Now already a veteran with 20 PG events under his belt, the kid with 11 all-tournament team selections to his credit has gone above and beyond what his older siblings had accomplished at his age. Again, it’s all part of the plan.

“How this program is run is our job is to prepare them for the next level,” Ruiz said. “We’re not concerned with trophies, with rankings – that comes with being a talented baseball player. If you go out there and perform that’s going to take care of itself...

“I love getting guys at the younger age because that gives us four or five years to work with guys, but whenever we get them that’s our goal is just to make sure they’re ready to compete that first year at whatever college they’re going to.”

A casual observer might think that the program leaders at Trosky Baseball demand an awful lot from their young charges. But there is nothing here over-the-top or really out of the ordinary when it comes to teaching the intricate ins-and-outs of a simple yet complex game.
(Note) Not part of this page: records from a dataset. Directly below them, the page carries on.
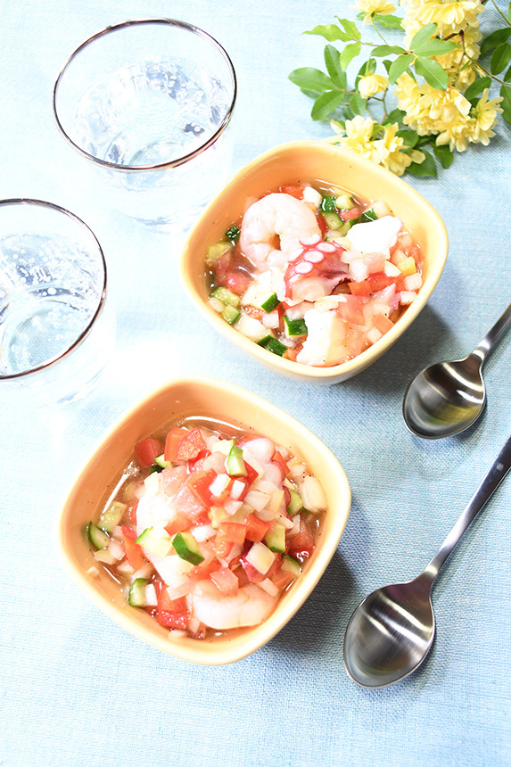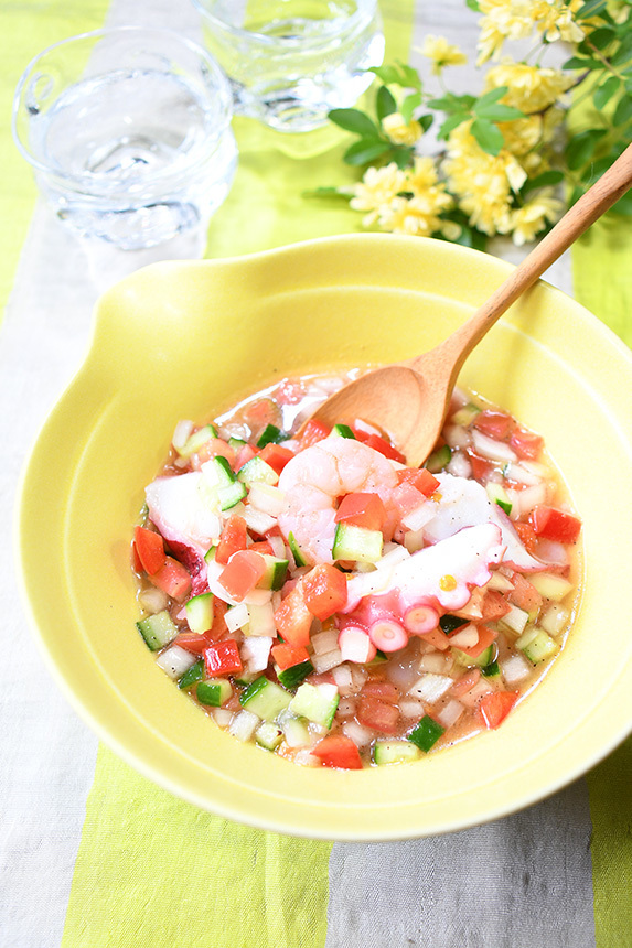 - ゆでだこ、むき海老の水気を拭き取り、[1]に入れて和え、器に盛る。
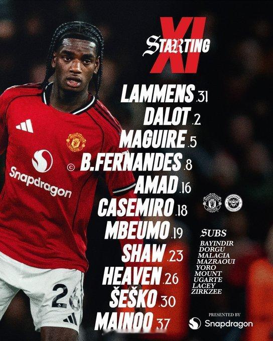 马奎尔结束红牌停赛复出,与海文组成首发中卫搭档。后防线两名伤兵,多尔古和约罗都伤愈复出,进入替补名单,新人边锋莱西也坐上替补席。曼联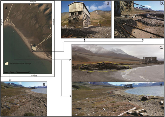 Today the former mining settlement is the second largest gathering of listed buildings at Svalbard (next to Ny–Ålesund) and is considered an important cultural heritage site. The listed historic site counts a total of 13 standing buildings and remains from mining infrastructure, such as cable car poles, a cable car station and railway tracks. The mine itself is situated high up in the mountain, 580 meters above sea level, and the coal was transported on an aerial cableway from the mine to the seaside. Except a few buildings up in the mountains, the whole site is situated close to the coastline, vulnerable to coastal processes [85].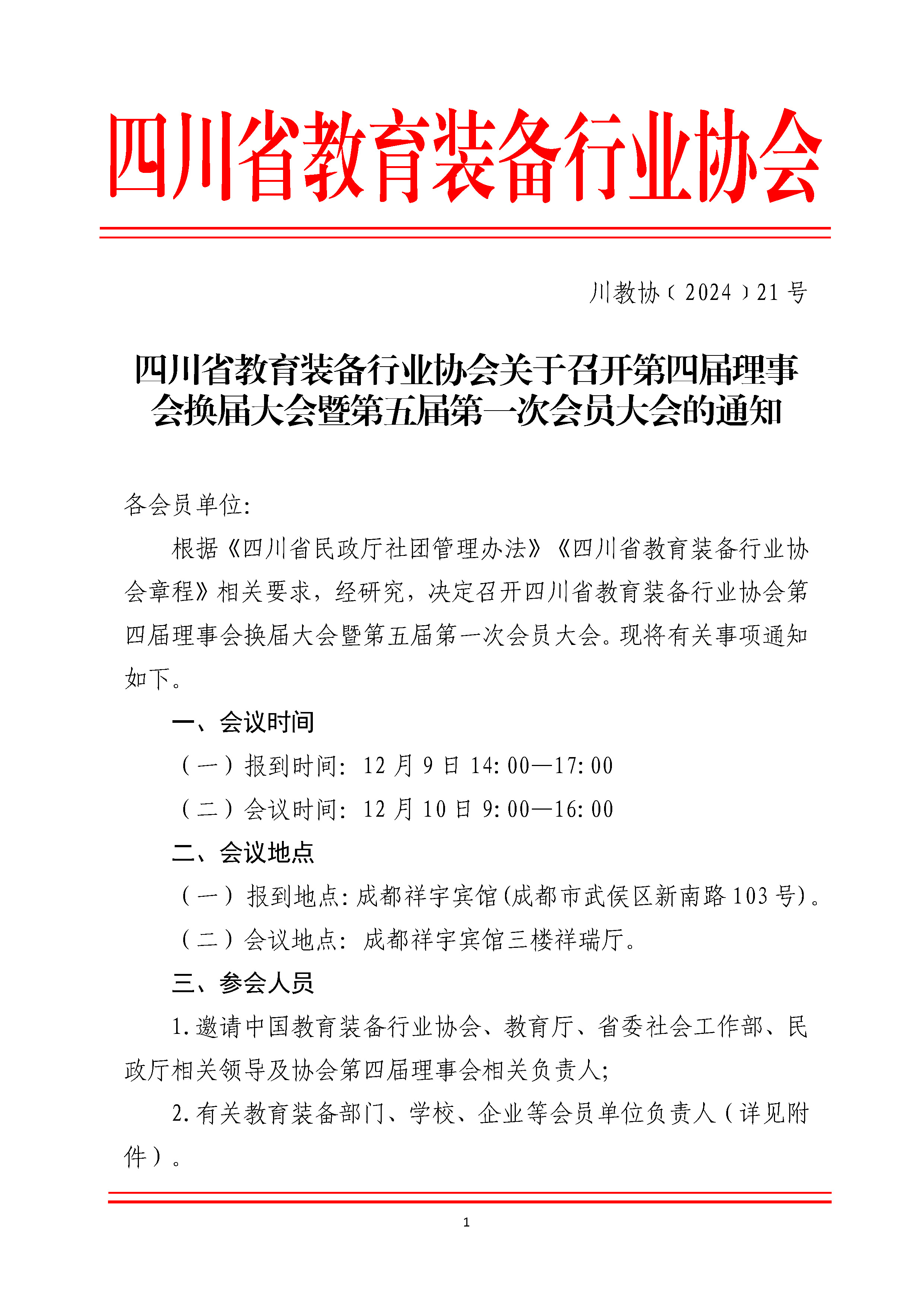 四川省教育装备行业协会关于召开第四届理事会换届大会暨第五届第一次会员大会的通知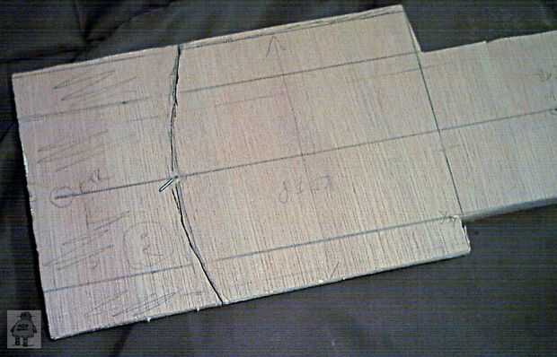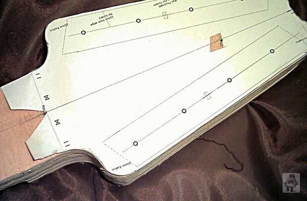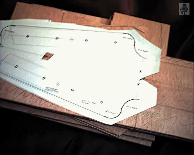 El cuello y la cabeza está hecha de una pila de laminado de piezas de contrachapado de 6mm. Se suministra una plantilla para la forma de la cabeza pero el resto está marcado directamente en la pieza superior de madera, incluyendo un final "redondeado" para que coincida con el interior de radio de la lata (cuerpo).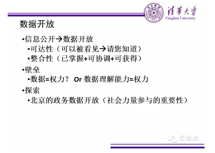然后說(shuō)說(shuō)數(shù)據(jù)開(kāi)放。首先,數(shù)據(jù)開(kāi)放強(qiáng)調(diào)數(shù)據(jù)的可達(dá)性,信息公開(kāi)強(qiáng)調(diào)可以被知道、可以被看見(jiàn),數(shù)據(jù)開(kāi)放是請(qǐng)人知道的概念。第二,還有整合性的問(wèn)題,信息會(huì)有幾種,一種是政府已掌握的信息,其次是可協(xié)調(diào)的信息,還有可獲得的信息,不同來(lái)源信息整合到一起才能發(fā)揮作用。數(shù)據(jù)開(kāi)放是既強(qiáng)調(diào)原始信息提供,也強(qiáng)調(diào)整合的。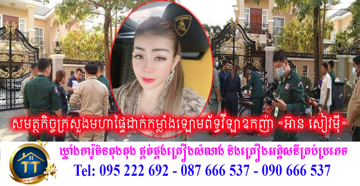 ភ្នំពេញ ៖ ប្រជាពលរដ្ឋជាអ្នករស់នៅក្បែរផ្ទះវីឡារបស់លោកស្រី ឧកញ៉ា (អ៊ាន សៀវមុី) មានការភ្ញាក់ផ្អើលបន្ទាប់ពីបានឃើញកម្លាំងនគរបាលព្រហ្មទណ្ឌក្រសួងមហាផ្ទៃ ដឹកនាំដោយមន្ត្រីសាលាដំបូងរាជធានីភ្នំពេញ បានចុះធ្វើការឡោមព័ទ្ធវីឡារបស់លោកស្រីឧកញ៉ា (អ៊ាន សៀវម៉ី) ជាអ្នកលក់ឡេតាមអនឡាញដ៏ល្បីឈ្មោះ ។
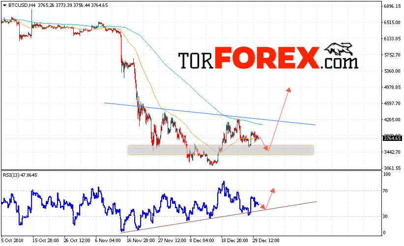 Таким образом, BTC/USD прогноз курса Bitcoin на 1 января 2019 предполагает попытку теста уровня поддержки вблизи области 3450. И далее продолжение роста криптовалюты с потенциальной целью на уровне 4970. Дополнительным сигналом в пользу роста курса Bitcoin выступит тест линии тренда на индикаторе относительной силы. Отменой варианта роста криптовалюты станет падение и пробой области 3200.
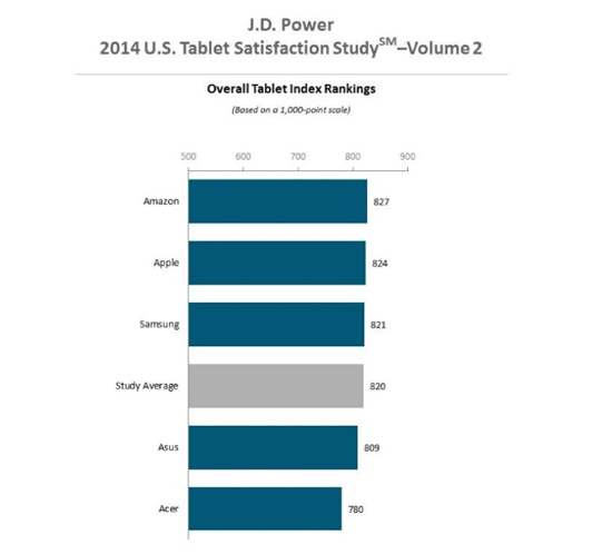 Согласно недавнему исследованию J.D. Power «2014 U.S. Tablet Satisfaction Study—Volume 2», интернет-компания Amazon впервые опередила Apple в рейтинге по степени удовлетворенности планшетом среди пользователей США.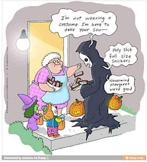 and when the kids climb on his lap, they mutter, “Trick or Treat!”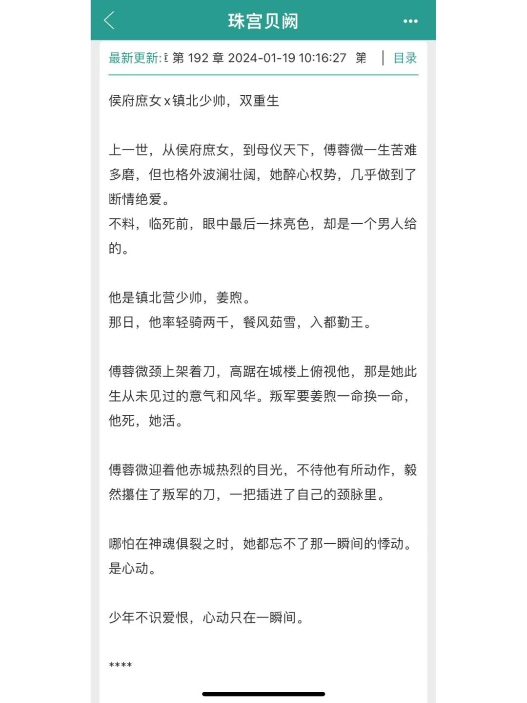 *双重生设定。女主前世为了生存,机关算尽,断情绝爱终于成了一国太后。但最终在国破家亡之际,选择了殉国。临死前,终于见到了镇北营少帅,姜煦。也就是男主,并嘱托男主帮助皇帝复国。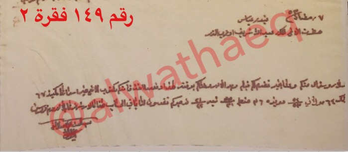 ثم يبلغه بان شريكه علي الحمود الشايع سيرسل له ٤٥٠ صندوق شاي ناعم من محل الشايع ويطلب منه الحاج محمد تصريف البضاعة فان لم يجد لها يرسلها له الى البصرة واذا صعب تحميله مباشره الى البصرة يحملها عن طريق دبي مع السفن والمراكب عن طريق الحاج يوسف وعبداللطيف المهيدب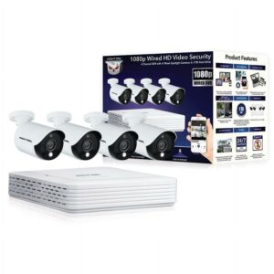 Night Owl Bluetooth 4 Channel 4K Wired DVR, 4 Wired Light Cameras & 1TB HDD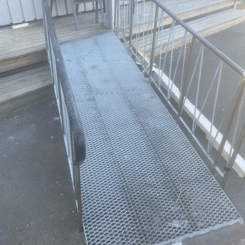 Aluminiumsrampe, spesiallaget etter mål; ytre kant 90cm, indre kant 80cm, lengde 2m, har en festekant med to plugger under (se bilde), er brukt til å frakte europaller, men kan også brukes til rullestol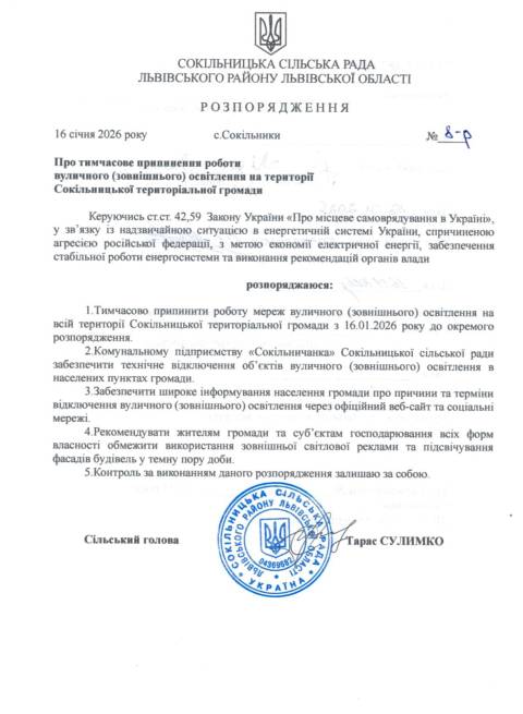 "Відповідно до розпорядження Сокільницької сільської ради від 16 січня 2026 року тимчасово припинено роботу мереж вуличного (зовнішнього) освітлення на всій території Сокільницької територіальної громади.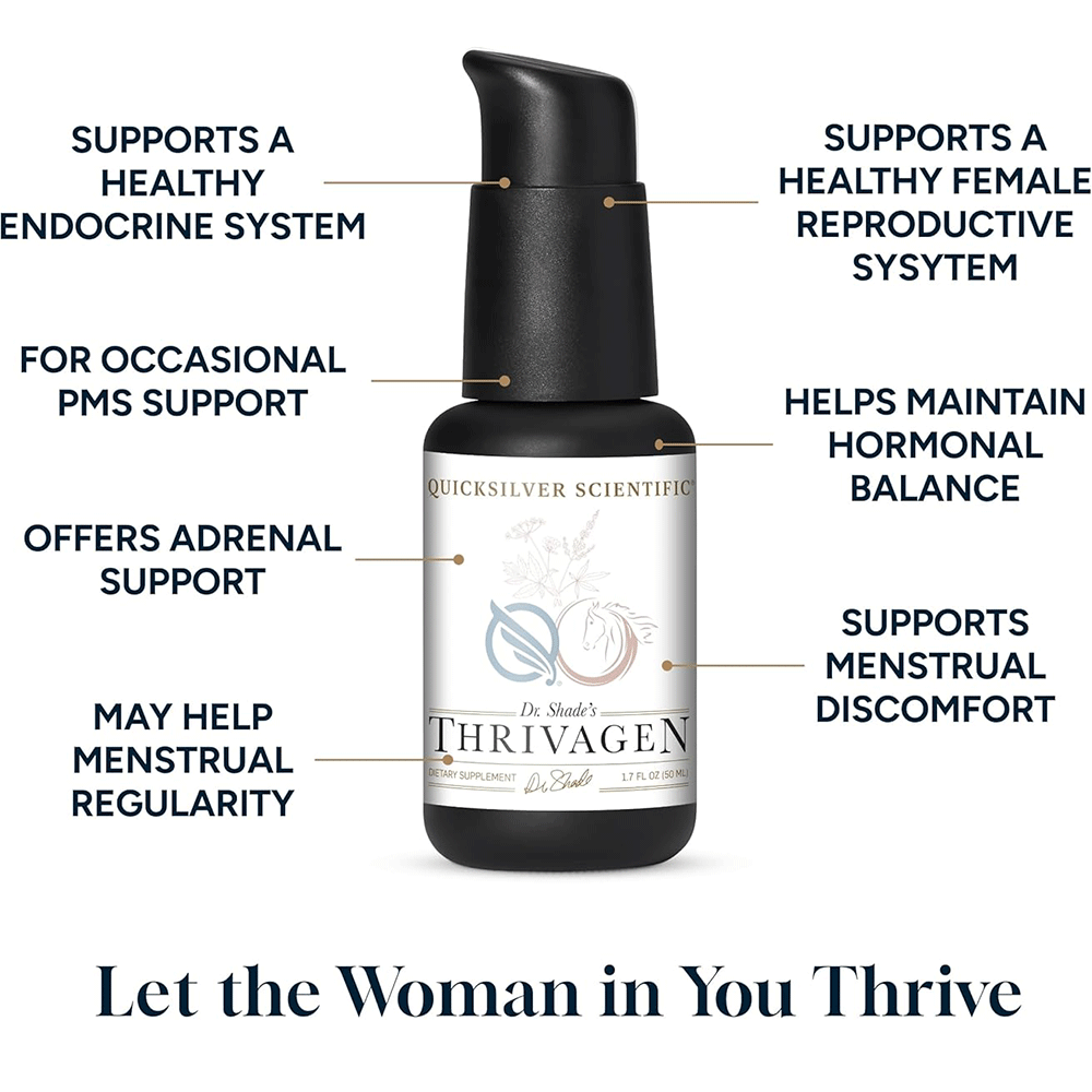 Thrivagen is designed to help support regular menstrual cycles, balanced mood, and immunity*. It can also support resilience and endurance during stressful times, as well as improved sleep.*

Ruiz asks only that these recent eighth-grade graduates show up on time and that they have their jerseys tucked neatly into their pants when they arrive at the field. They’re reminded that they’re not just representing the Trosky Baseball family but their own family as well, and it’s important that they understand it’s all intertwined.

“Our biggest expectation is that you play hard, you treat the game with respect, you treat your opponents with respect and then you get after it,” Ruiz said. “Winning is a byproduct of that – you’ve got a talented group; winning is going to take care of itself. The most important thing to me is that these guys learn how to play winning baseball.”

The Memorial Day Classic has long been Trosky’s summer kickoff event and this year it will launch the Trosky National 2025 into a summer that promises to be even more demanding than those of past seasons.

This group has been invited to the prestigious PG 14u World Series to be held in Sanford, Fla., July 22-26 and also has an invitation to the 20-team 14u Ultimate Baseball Challenge-West Powered by Perfect Game and Baseball America in San Diego Aug. 5-8.

But first things first. There’s this little affair taking place right here in the west Phoenix suburbs that the Trosky National 2025s would like to sign-off on before the heat of the summer – and the heat of elite national competition – bears down on them.

“We’re just going to go out here and play our hardest and get the ‘dub’; we’re just going to work hard,” Campbell said, adding that the positive chemistry these players share is through the roof. “I’m really looking forward to it a lot and I’m probably going to really enjoy it a lot.”

The recipe for ultimate enjoyment seems to be in place: “We’ve known each other for probably seven or eight months now so we’ve kind of bonded together; we're ready to get some ‘dubs’,” Neyens said. “I love this team.”

Or, as head coach Abe Ruiz put it: “This 2025 National group has got a chance to be real special.”